With the pictures omitted, print exactly the lines below, from the one containing "Cristaleira Moderna com" through the one containing "这两者操作统一起来就是锐化滤", and nothing else.

----------

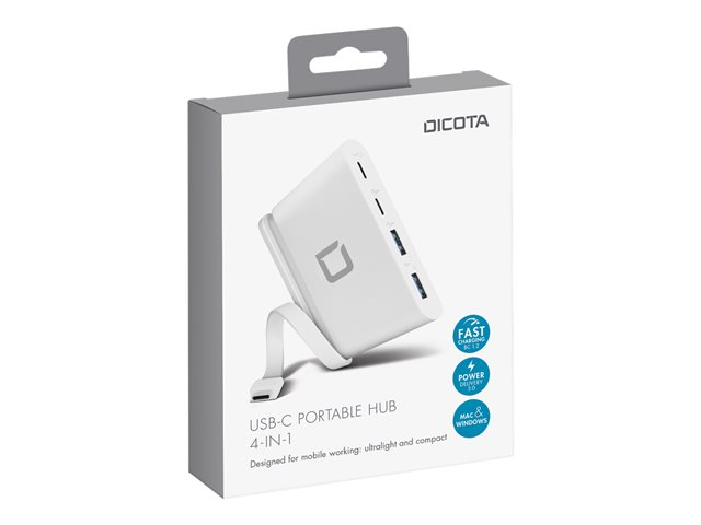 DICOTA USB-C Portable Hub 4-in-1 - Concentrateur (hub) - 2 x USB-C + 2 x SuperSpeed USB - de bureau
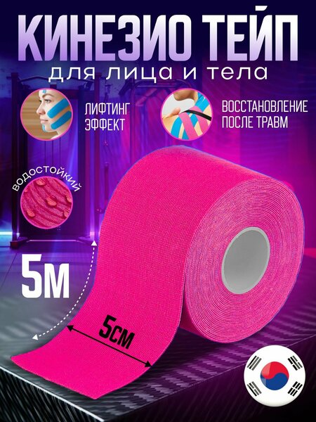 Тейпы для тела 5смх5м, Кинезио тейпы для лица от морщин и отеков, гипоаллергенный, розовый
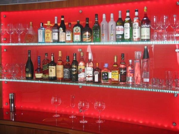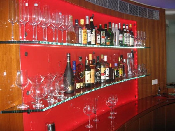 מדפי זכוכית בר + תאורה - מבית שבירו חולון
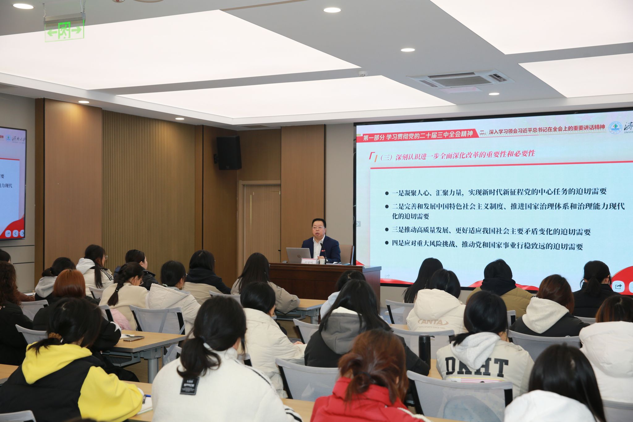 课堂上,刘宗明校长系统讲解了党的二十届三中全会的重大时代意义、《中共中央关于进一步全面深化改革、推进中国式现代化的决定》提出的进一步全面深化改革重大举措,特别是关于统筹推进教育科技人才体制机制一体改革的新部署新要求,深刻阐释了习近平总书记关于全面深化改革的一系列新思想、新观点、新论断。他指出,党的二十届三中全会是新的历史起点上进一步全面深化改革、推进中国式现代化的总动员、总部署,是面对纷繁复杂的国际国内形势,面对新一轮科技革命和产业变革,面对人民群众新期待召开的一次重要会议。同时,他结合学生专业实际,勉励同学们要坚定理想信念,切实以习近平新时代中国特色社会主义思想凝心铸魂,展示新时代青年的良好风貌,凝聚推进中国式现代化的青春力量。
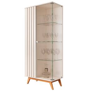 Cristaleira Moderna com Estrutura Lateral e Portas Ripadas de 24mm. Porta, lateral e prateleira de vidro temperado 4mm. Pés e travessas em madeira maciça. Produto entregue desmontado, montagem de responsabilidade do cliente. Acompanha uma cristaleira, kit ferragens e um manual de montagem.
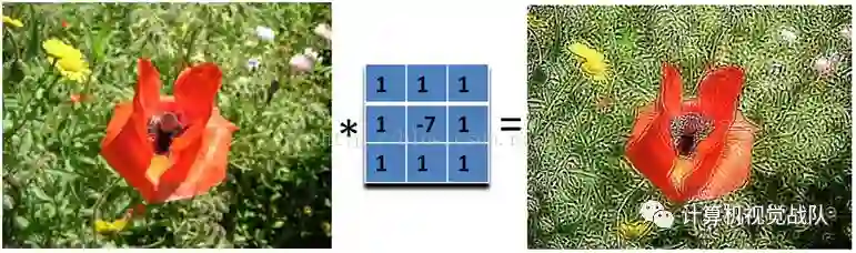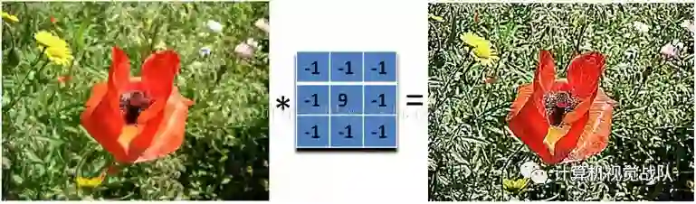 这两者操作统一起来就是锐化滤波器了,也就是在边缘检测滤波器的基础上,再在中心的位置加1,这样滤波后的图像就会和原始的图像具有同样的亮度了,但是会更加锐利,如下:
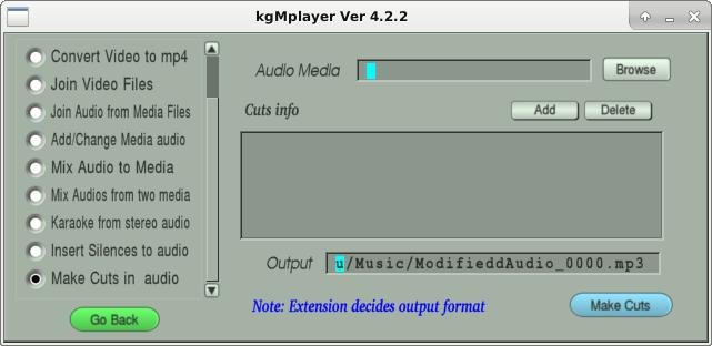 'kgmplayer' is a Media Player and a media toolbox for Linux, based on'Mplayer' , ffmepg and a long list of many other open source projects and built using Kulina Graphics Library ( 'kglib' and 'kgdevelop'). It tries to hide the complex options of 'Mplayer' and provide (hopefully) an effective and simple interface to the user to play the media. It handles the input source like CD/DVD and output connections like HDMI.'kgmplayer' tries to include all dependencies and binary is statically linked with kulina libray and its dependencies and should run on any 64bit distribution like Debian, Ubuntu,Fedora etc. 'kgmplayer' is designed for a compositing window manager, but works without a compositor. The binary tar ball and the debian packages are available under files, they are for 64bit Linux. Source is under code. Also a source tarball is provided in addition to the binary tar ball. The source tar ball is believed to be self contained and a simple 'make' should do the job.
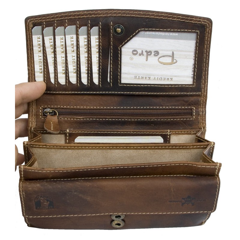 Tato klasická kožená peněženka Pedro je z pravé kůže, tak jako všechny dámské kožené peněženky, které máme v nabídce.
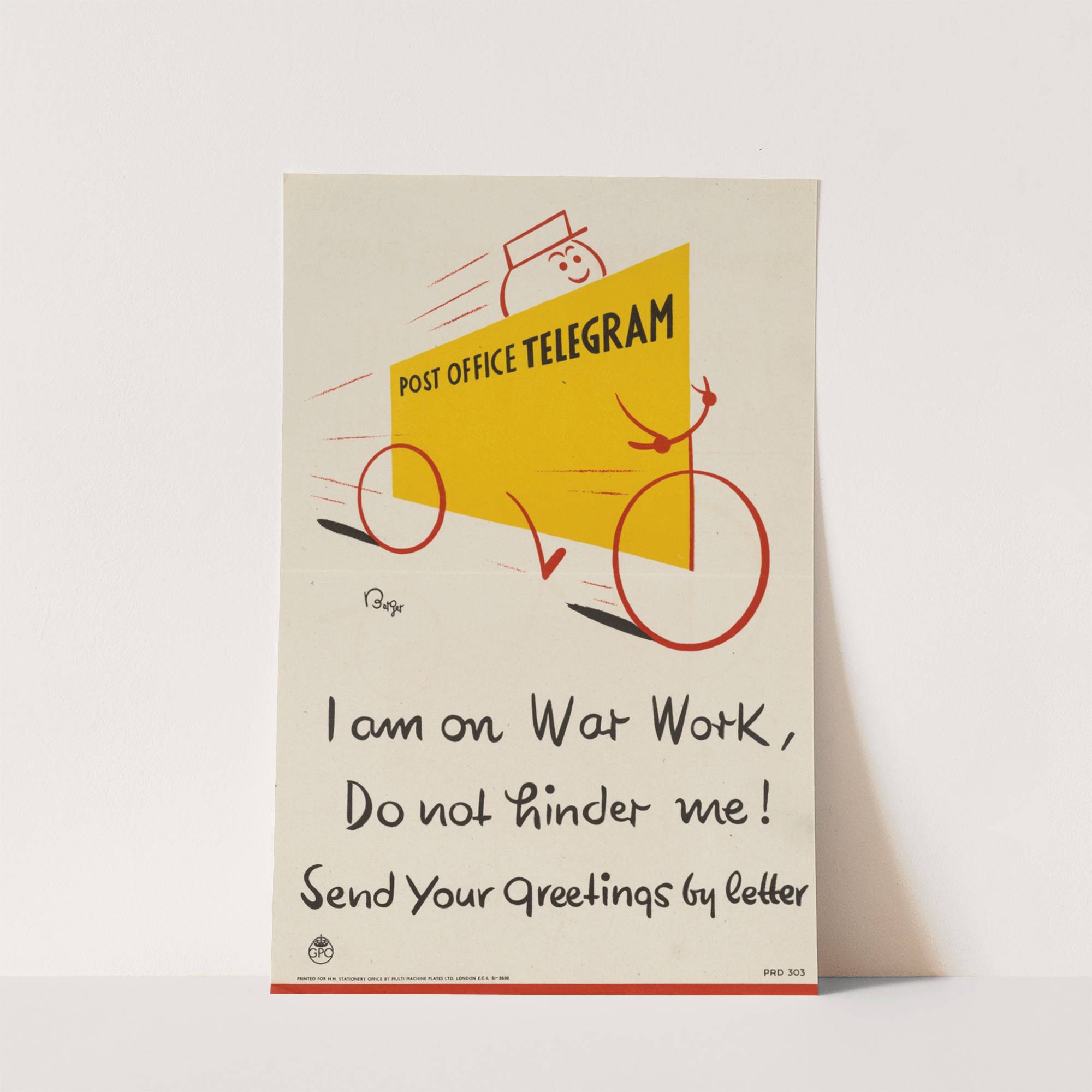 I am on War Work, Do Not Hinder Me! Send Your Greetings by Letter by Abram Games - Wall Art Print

----------

* _Output of the exercise_:
 Cristaleira Moderna com Estrutura Lateral e Portas Ripadas de 24mm. Porta, lateral e prateleira de vidro temperado 4mm. Pés e travessas em madeira maciça. Produto entregue desmontado, montagem de responsabilidade do cliente. Acompanha uma cristaleira, kit ferragens e um manual de montagem.
 这两者操作统一起来就是锐化滤波器了,也就是在边缘检测滤波器的基础上,再在中心的位置加1,这样滤波后的图像就会和原始的图像具有同样的亮度了,但是会更加锐利,如下:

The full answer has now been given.